Molecular definition of black tea taste by means of quantitative studies, taste reconstitution, and omission experiments.

Recently, bioresponse-guided fractionation of black tea infusions indicated that neither the high molecular weight thearubigens nor the theaflavins, but a series of 14 flavon-3-ol glycopyranosides besides some catechins, might be important contributors to black tea taste. To further bridge the gap between pure structural chemistry and human taste perception, in the present investigation 51 putative taste compounds have been quantified in a black tea infusion, and their dose-over-threshold (Dot) factors have been calculated on the basis of a dose/threshold relationship. To confirm these quantitative results, an aqueous taste model was prepared by blending aqueous solutions of 15 amino acids, 14 flavonol-glycosides, 8 flavan-3-ols, 5 theaflavins, 5 organic acids, 3 sugars, and caffeine in their "natural" concentrations. Sensory analyses revealed that the taste profile of this artificial cocktail did not differ significantly from the taste profile of the authentic tea infusion. To further narrow the number of key taste compounds, finally, taste omission experiments have been performed, on the basis of which a reduced recombinate was prepared containing the bitter-tasting caffeine, nine velvety astringent flavonol-3-glycosides, and the puckering astringent catechin as well as the astringent and bitter epigallocatechin-3-gallate.
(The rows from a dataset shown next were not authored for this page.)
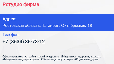 Рстудио, фирма по адресу Ростовская область, Таганрог, Октябрьская, 18 в дальнейшем Организация, размещена в следующих категориях:
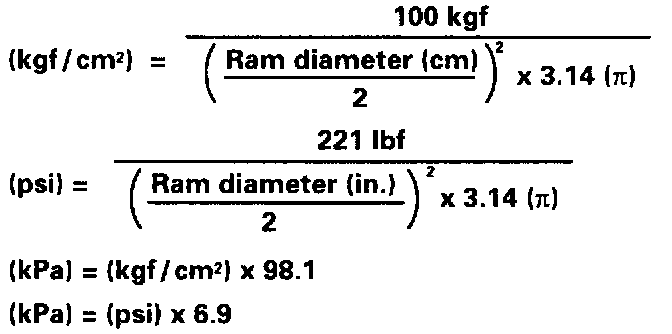 - Check the diameter of the hand press ram. Then calculate the gauge pressure of the press when 981 N (100 kgf, 221 lbf) of force is applied.
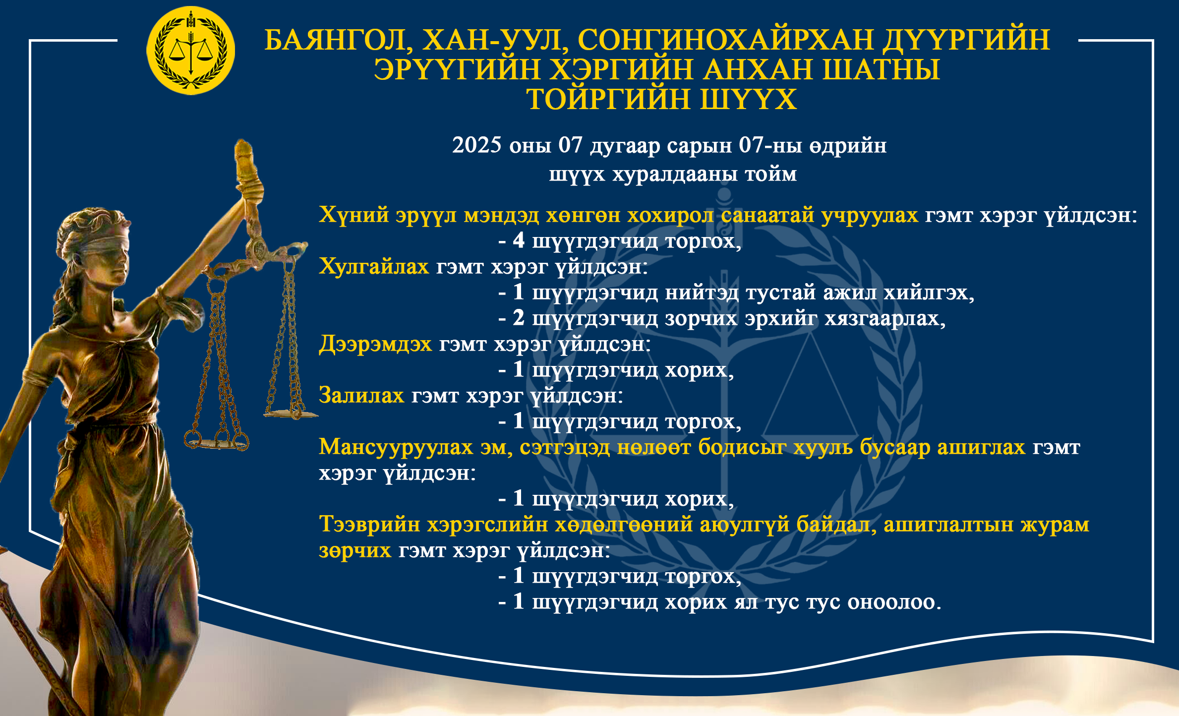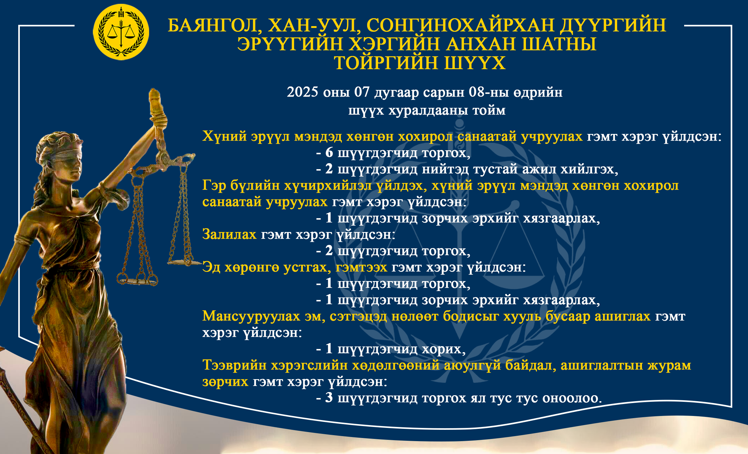 - БАЯНГОЛ, ХАН-УУЛ, СОНГИНОХАЙРХАН ДҮҮРГИЙН ЭРҮҮГИЙН ХЭРГИЙН АНХАН ШАТНЫ ТОЙРГИЙН ШҮҮХ ТОЙМ /2025.07.07-2025.07.08/
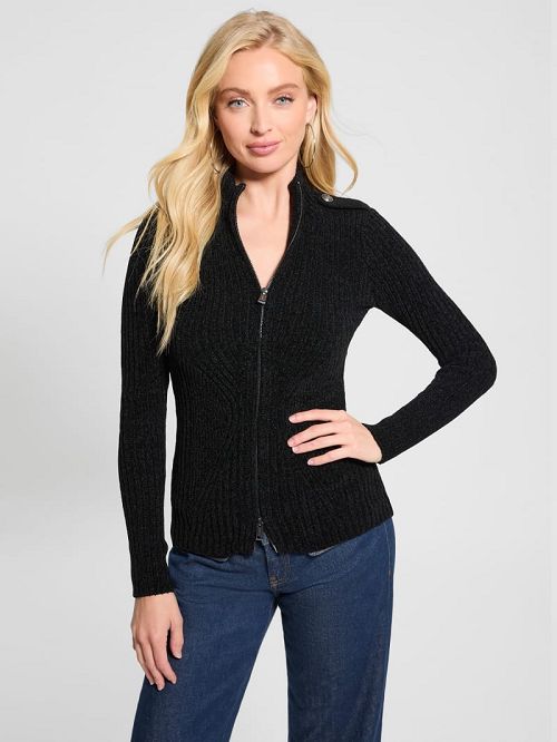 Guess Keily Zip-Front Sweater Zwart | GUESS-SN27465
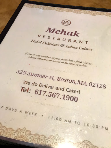 This is by far the best Pakistani food Ive ever had. Before you take my word for it let me start you off with some background. My wife, who is Pakistani and is from Lahore, and I love Pakistani dishes! Indian food is great too (yes there is a difference) but Pakistani food is purely delicious. We recently moved to Boston and have been trying out different restaurants around town to add to our extensive experience with the cuisine. We mostly found Indian restaurants, which are great, but Pakistani food just tastes better. For any newcomers to south-Asian cooking, youre probably used to hearing about Indian food. Pakistani food is almost identical so dont be afraid to venture. So on this day we were looking for exceptional Nehari. After searching Google Maps, Mehak was the only restaurant that appeared to be Pakistani, and the only one with 5 stars! So we decided to take the 30 minute train ride to eat. I have to tell you, the food was mouthwateringly good! It was the perfect blend of tastes and spices. It melted in your mouth when you wanted it to and kept you wanting more! The owner was extremely nice, the most accommodating restaurants Ive ever been to. It felt as if he was serving us in his home as his guests. My wife and I left Mehak completely full and satisfied. We got our Nehari and THREE orders of naan; keema, garlic, and regular, for only $20.34! We were so excited that we gave them a large tip. Needless to say, we are absolutely going back, we would like to go everyday but we would eat way too much. We are planning to go back at least once a month, hopefully once a week. We thank you Mehak for giving us the best Pakistani (or Indian) food weve had in America by far! We hope you luck with your business and we will try to spread the word as much as possible, see you soon! I also posted this review on YELP! a few minutes ago. Sorry, didnt want to forget anything.

The taste profile of this reduced recombinate differed not significantly from that of the complete taste recombinate, thus confirming these 12 compounds as the key taste compounds of the tea infusion. Additional sensory studies demonstrated for the first time that the flavanol-3-glycosides not only impart a velvety astringent taste sensation to the oral cavity but also contribute to the bitter taste of tea infusions by amplifying the bitterness of caffeine.